Andy Mia Kranz has an extraordinary family history. In 1941, her father and grandparents faced the threat of deportation from their home in Poland because they were Jewish. They were hidden by a Christian family and lived underground for three years, surviving the war thanks to the kindness of these strangers. Andy has written and illustrated a book based on her father’s recollections of this period of his life.
Andy, who has self-published her book, came to Arts Law with concerns about privacy and defamation law. She was asking if she might need to include a disclaimer in her book that, aside from the people involved in the events, any resemblance the characters bear to real people is coincidental.
Roxanne Lorenz, a solicitor at Arts Law, advised Andy on the issues arising when writing a book based on a true story. She explained that in order to take action for defamation, the concerned persons would need to be able to show that a statement was made which was damaging to their reputation. In this case, defamation was not a concern, given the positive way the subjects were portrayed and there were no defamatory statements or imputations being made. In any event, apart from the author’s father, the subjects of the book are deceased which further minimises any risk of defamation action arising.
Of her experience with Arts Law, Andy said:
“I approached Arts Law when I was self-publishing. As my book is a biographical story, I needed advice about issues of privacy and defamation.

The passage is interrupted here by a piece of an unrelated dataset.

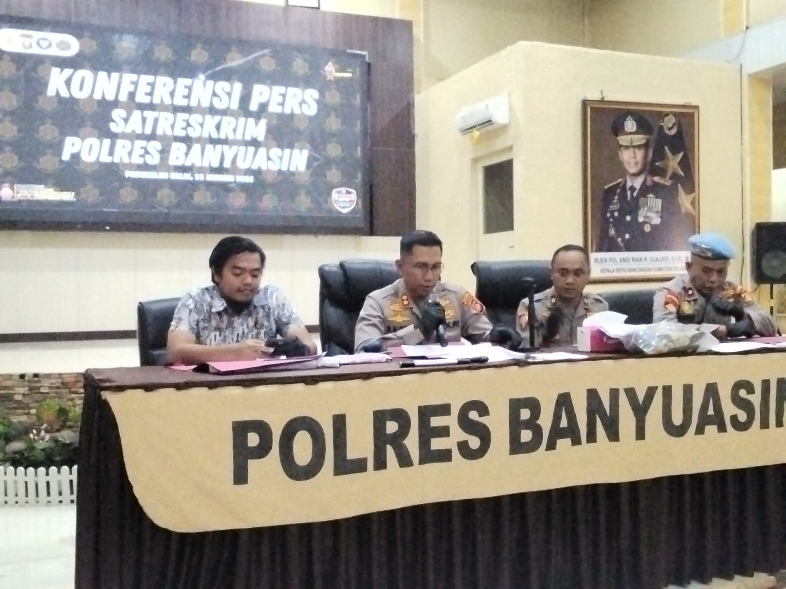 Hal ini disampaikan oleh Kapolres Banyuasin AKBP Risnan Aldino SIK MSi, didampingi Kasat Reskrim AKP M Ilham, Kasat Intel dan Kasi Humas Iptu Abu Bakar, saat memimpin langsung Konfrensi Pers, di Gedung Sanika Satyawada Kapolres Banyuasin,

It was reassuring (and economical) to be able to approach the Arts Law Centre and have my matter resolved so swiftly and professionally.”
Andy’s book is called The Secret Home and more information about the story and accompanying illustrations can be found on her website.
Arts Law encourages all artists to seek advice before works are made public, like in this case, so issues can be addressed well before there is the possibility that a dispute may arise.